I didn't mean that = to be transitive. All async is IO, but obviously some IO is not async.

> We will never avoid the complexity of IO, but we can avoid the complexity of async

Because we can never avoid the complexity of IO, having a language construct that makes it obvious when you're using IO is valuable. IO code is different in kind than non-IO code, and having it explicitly marked helps keep the mess that is IO from propagating its problems throughout the rest of your code.


I don't entirely disagree that treating IO as something special at the linguistic level is a good idea, but I do think that async is a wildly indirect and confusing way to achieve that.

Language designers don't add async to make IO look special, they add it as a concurrent programming model.


When IO fails, it doesn't matter a single bit whether the call occured on a virtual or on a platform thread. The likelyhood of failure deserves coloring, but Java already offers a mechanism for that.

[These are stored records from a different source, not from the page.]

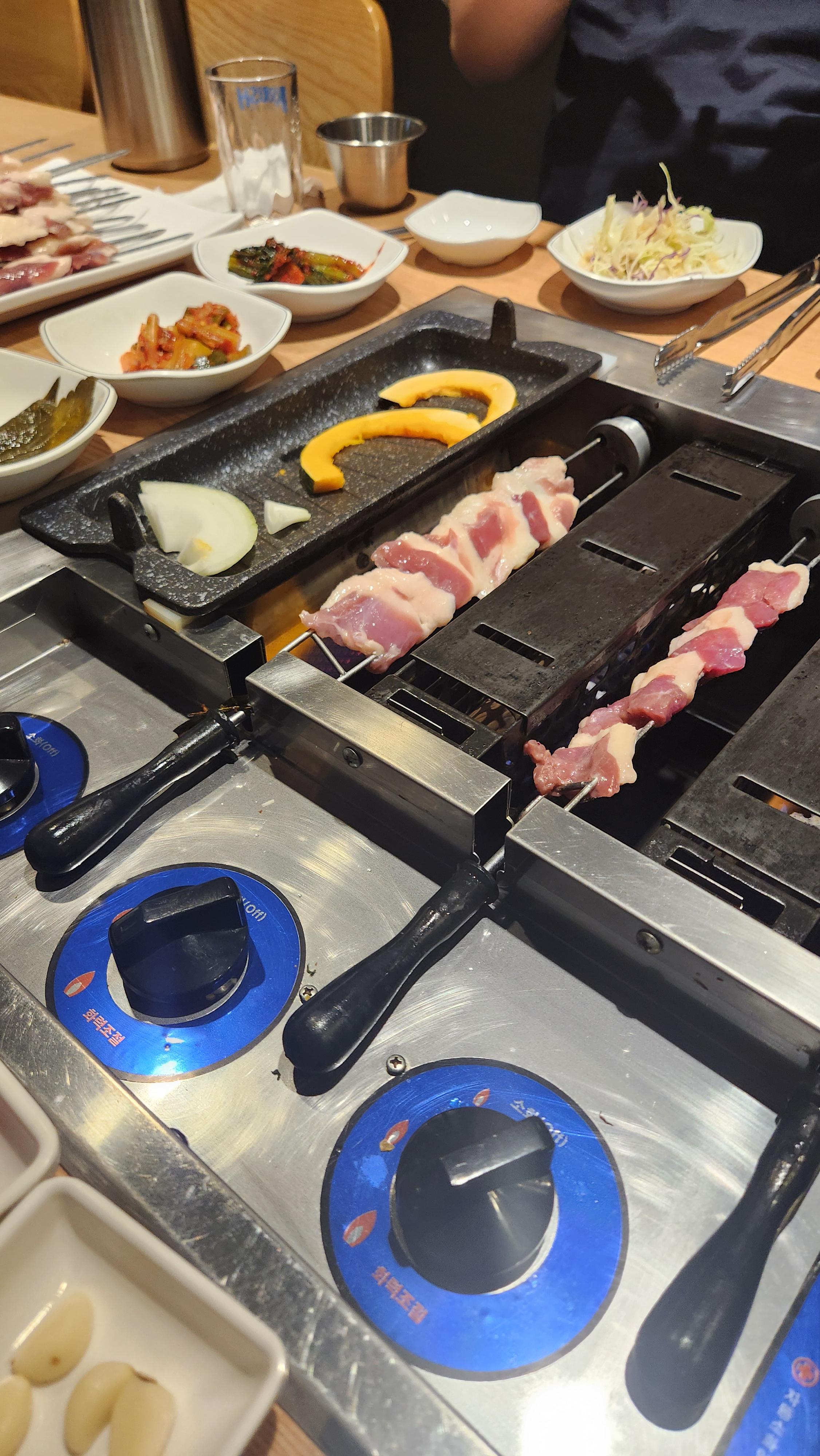철판 밑에 가스불이 4곳에서 나와서 꼬치를 골고루 구워줍니다.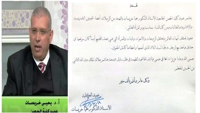يتقدم عميد كلية الحصن الجامعية الأستاذ الدكتور يحيا خريسات بالتهنئة من الزميلات أعضاء الهيئتين التدريسية والإدارية والطالبات ومن كل النساء بـمناسبة يوم المرأة العالمي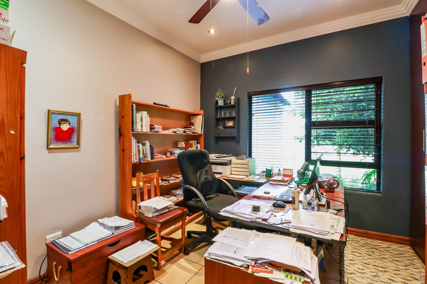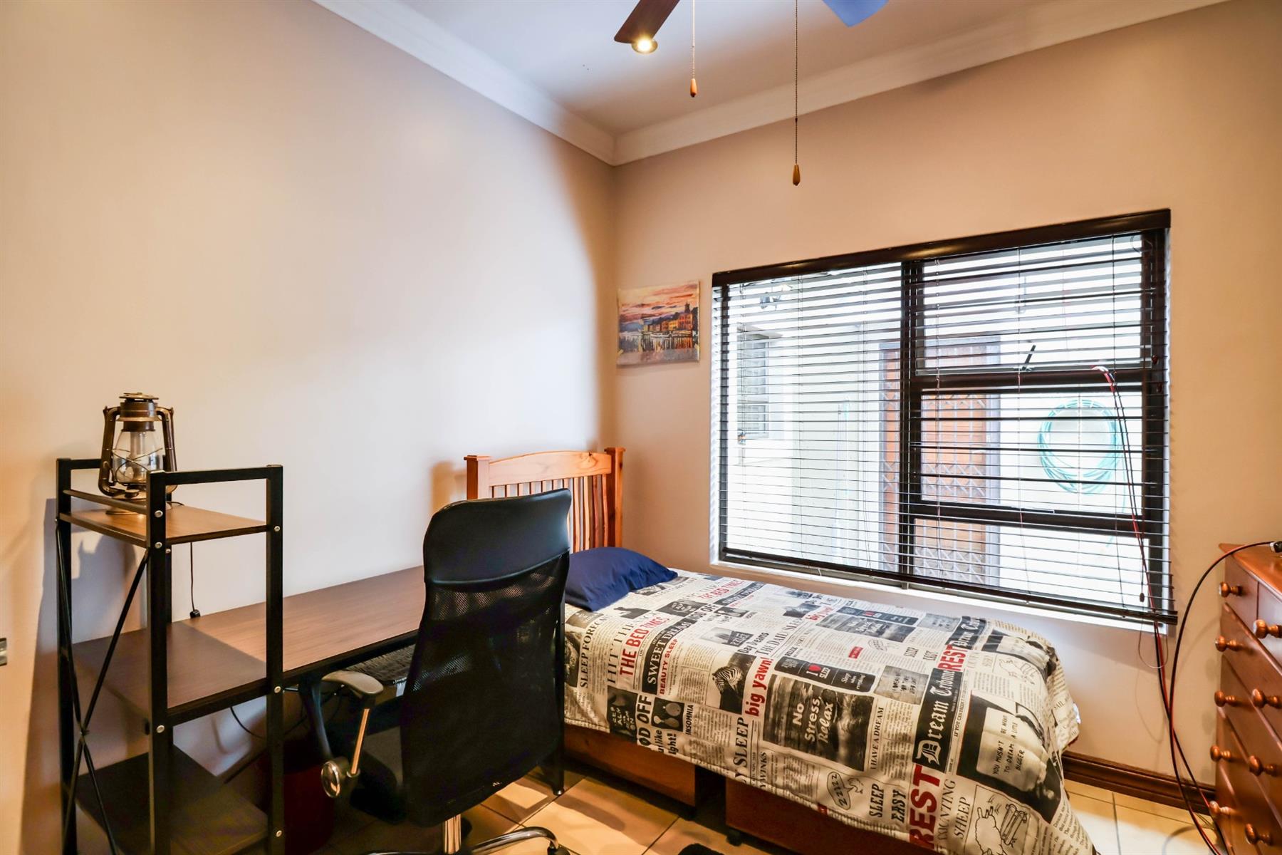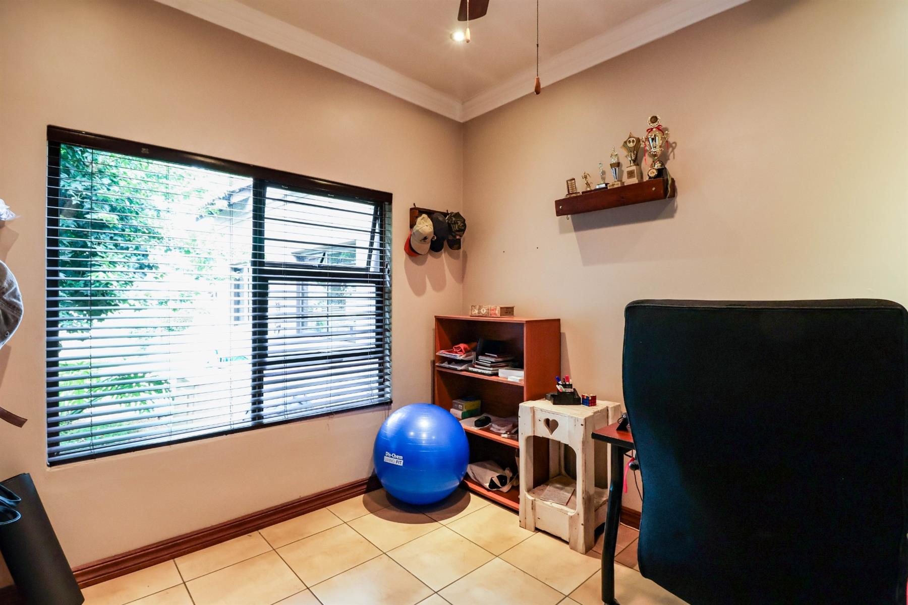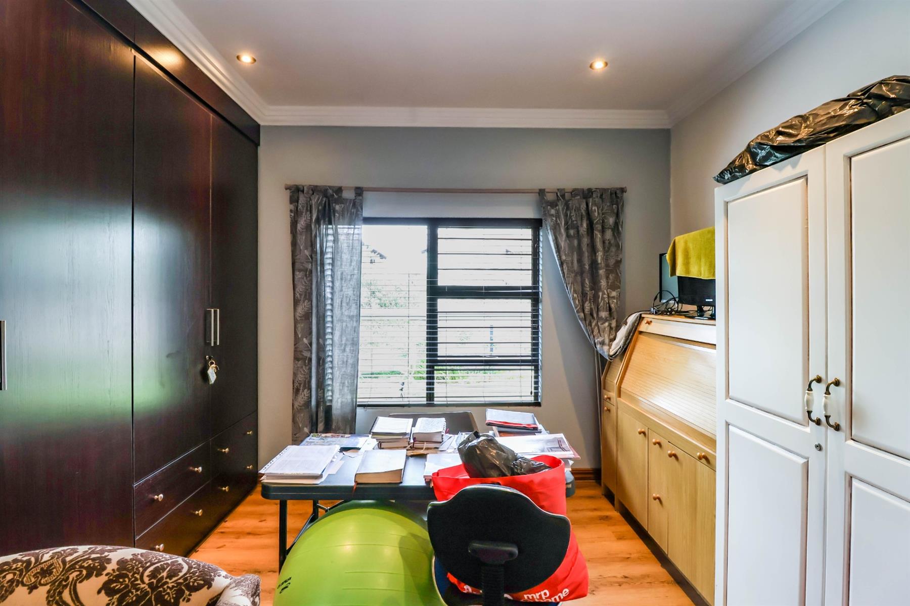 The spacious main bedroom features a walk-in cupboard and a full en-suite bathroom, as well as a private study area and additional space ideal for hobbies or relaxation.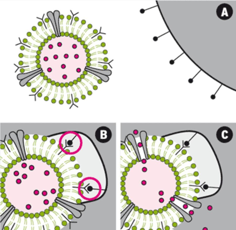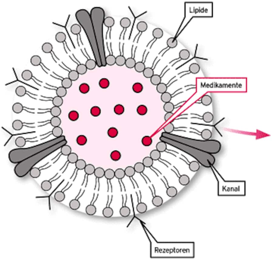 B Der Container ist mit Rezeptoren ausgestattet, die das Zielorgan, zum Beispiel die Leber, erkennen und dort andocken.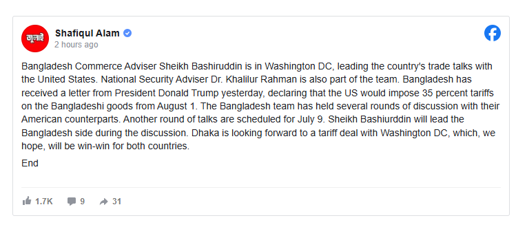 গতকাল বাংলাদেশ যুক্তরাষ্ট্রের প্রেসিডেন্ট ডোনাল্ড ট্রাম্পের কাছ থেকে একটি চিঠি পেয়েছে জানিয়ে তিনি বলেন, যেখানে বলা হয়েছে, ১ আগস্ট থেকে বাংলাদেশি পণ্যের ওপর ৩৫ শতাংশ শুল্ক আরোপ করা হবে।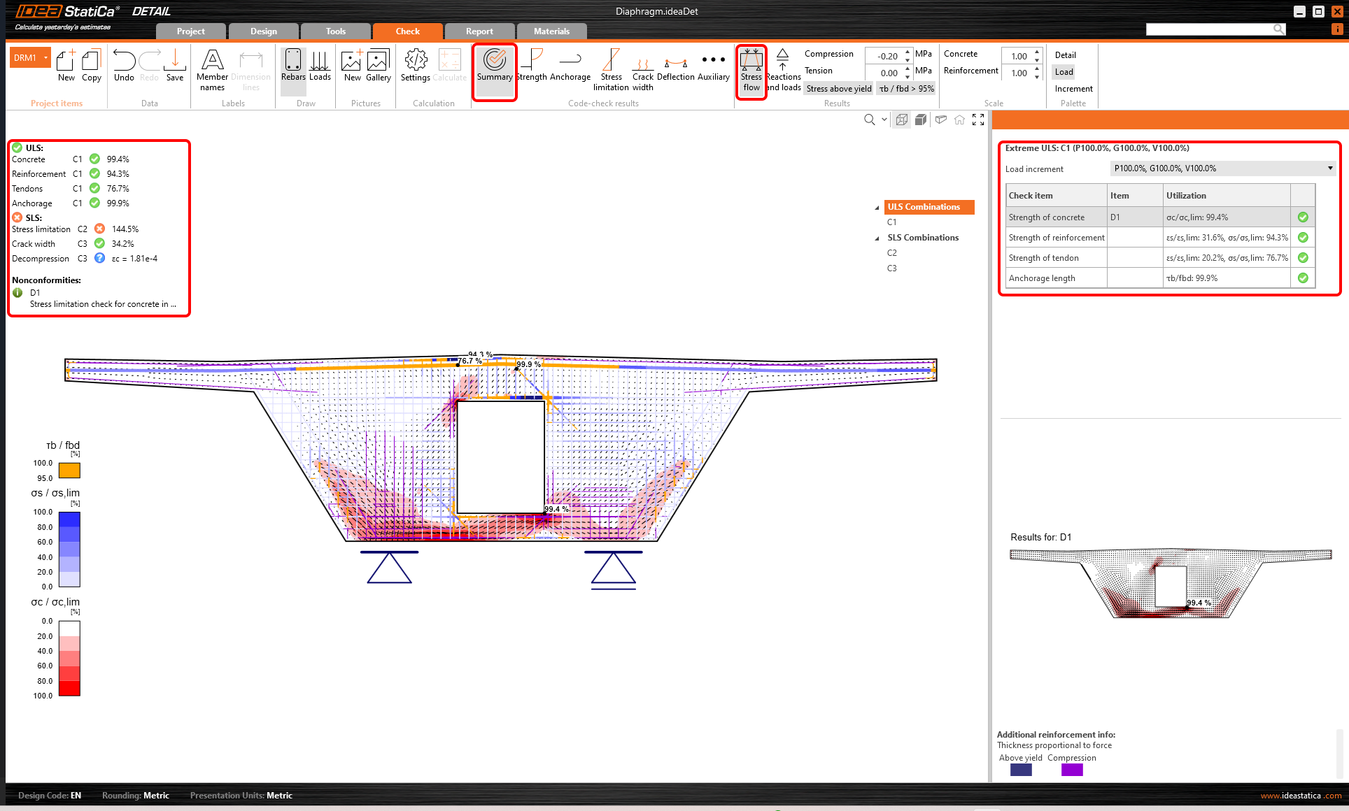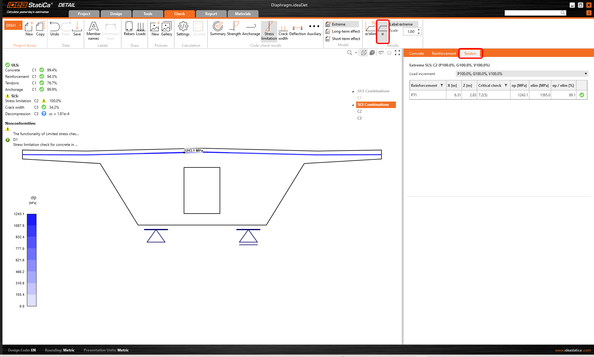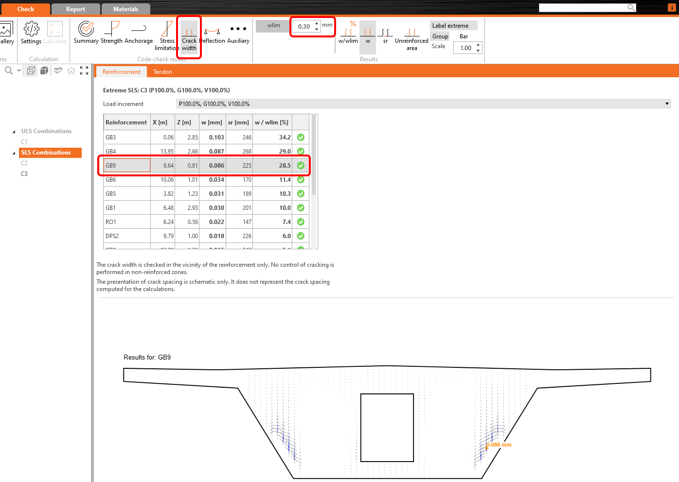The SLS results can be found under the Stress, Cracks and Deflection tabs. In the Stress tab, you will find that the stress in concrete in the bottom corner is unsatisfactory. There is a stress peak.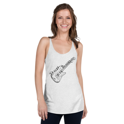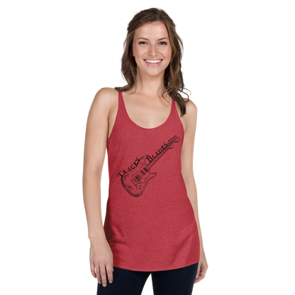 This racerback tank is soft, lightweight, and form-fitting with a flattering cut and raw edge seams for an edgy touch.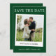 Moderne Simple Rétro Instantané Style Caméra Couple Photo Enregistrer La Date Photo Fiançailles Carte Faire-part - Forest Green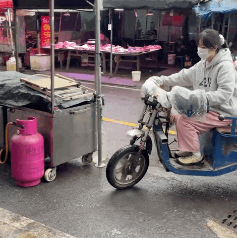 她推着电动三轮。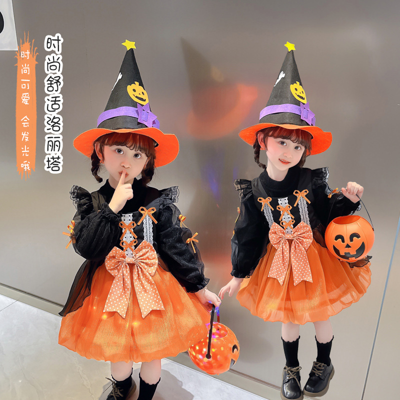 ハロウィーン子供服女の子魔女coos服女の子春と秋のドレスカボチャロリータプリンセスドレス潮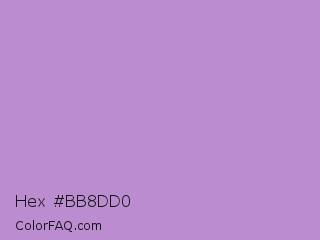 Hex #bb8dd0 Color is a light purple color and the nearest color is East Side #ac91ce. Hex code #bb8dd0 and RGB value is rgb(187,141,208). In RGB color space, this color is composed of 73% red, 55% green, 82% blue, In CMYK color space, this color is composed of 10% cyan, 32% magenta, 0% yellow , 18% black , In HSL color space, this color has a hue angle of 281° , 42% saturation and 68% lightness.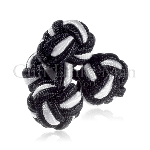 It is Ebony & Ivory silk-knotted cuff links. Hand woven, delicately knotted. Exquisite detail down to the intertwined fibers. Made from real silk. Standard size fit all. Silk Knots are packaged - up to three pairs in one presentation box. It is a personalized designer cufflink which is available for men.

A common pattern is to use a single thread executor as one context. Any task scheduled to that context will not run concurrently. When you do it this way, every synchronous chunk (between yields/awaits) is a critical section. So you get critical sections easily, cheaply and with a pretty good syntax.

This pattern is used a lot when you have things like UI which use a single threaded design, or if you need to bind to do some IPC in a single native thread. It's actually very common.